Patch notice for version 3.1.2

  • Added error messages and error-skipping features around the padtrimSeqGroup.m code.

Patch notice for version 3.1.1

  • Fixed a bug caused where sequences with start index going beyond the 3' end caused trimGeneEdge to error. Encountering this sequence will generate a WARNING message, and continue the annotation.
  • Enabled BRILIA to be run within it's own environment to prevent having to reinitialize multiple processors per run. BRILIA can now be started via "BRILIA.exe" (Windows) or "run_BRILIA.sh [mcr library path]" (Linux).

Patch notice for version 3.1.0

  • Version 3.1 introduces MEX routines for improved speeds.
    • alignSeqMEX replaces alignSeq.
    • alignSeqMEX does NOT compute textual alignment results unless asked for by the 4th output argument. This contrasts with alignSeq, which always generate text even when not needed.
    • calcPairDistMEX replaces calcSHMHAMdist, calcHAMdist, and calcPairDist.
    • calcAlignScoreMEX replaces calcAlignScore.
    • trimMatchResultsMEX replaces trimMatchResults.
  • MEX routines are stored under Root/Src/MEX folder
  • Improved code for accessing VDJdata via VDJheader index locations. Uses a map structure instead of parsing header every time.

Patch notice for version 3.0.14

  • Allows for annotation-only usage of BRILIA via the 'annotonly' 'y' command. Default is 'n' which would do lineage-based annotation. If 'y', will only do VDJ annotation without correction (good for non-repertoire data).

Patch notice for version 3.0.13

  • Fixed issues with nt2aa function now correctly processing ambiguous nt letters. It now uses wrapper function convNT2AA to handle ambiguous characters.

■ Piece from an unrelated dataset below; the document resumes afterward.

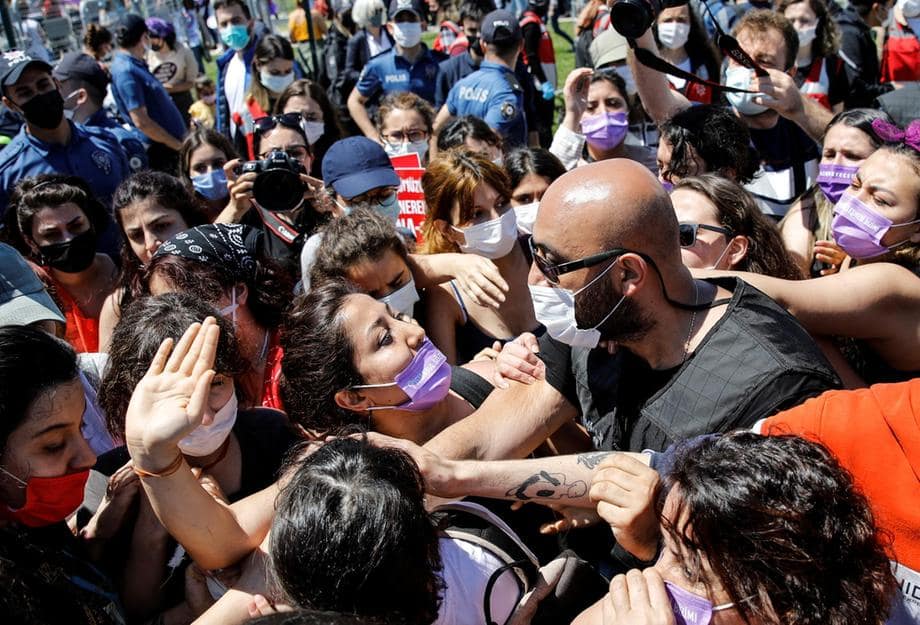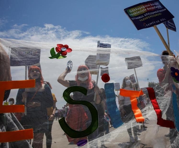 فعالان حقوق زنان در تظاهرات روز شنبه استانبول مخالفت خود با تصمیم دولت برای ترک “کنوانسیون استانبول” را نشان دادند/ عکس: رویترز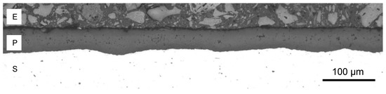 Figure 13. Representative cross section of the wear trace of a PEO coating on the AlMgSi1 alloy after a sliding distance of 1436 m (rubber-wheel test ASTM G65 B). In comparison to Figure 4, it is evident that only the outer, rather porous part of the oxide coating was removed. E—embedding resin, P—PEO coating, S—substrate; contrast of embedding resin against coating has been increased by image manipulation.

Patch notice for version 3.0.12

  • Fixed problem with plotTree creating an infinite recursion if multiple copies of a germline sequence exist.
  • Improved speed of readFasta.m for reading fasta files.
  • Moved BRILIA.m into the Src folder so that all m files required for BRILIA are together. The test script m files in the Examples folder are left there as these are specific to the example file.
  • Cleaned up the status text outputs in BRILIA.
  • Parallel processing no longer automatically shuts down after being idle for 60 min.
  • If BRILIA is stopped abruptly for a non-logical error (example: job was killed), then jobs can be resumed using the 'ResumeFrom' setting that points to the TempDir, or 'Resume' 'y' command option that will attempt to find the temp dir in the default location.
  • Removed usage of evals in BRILIA source codes.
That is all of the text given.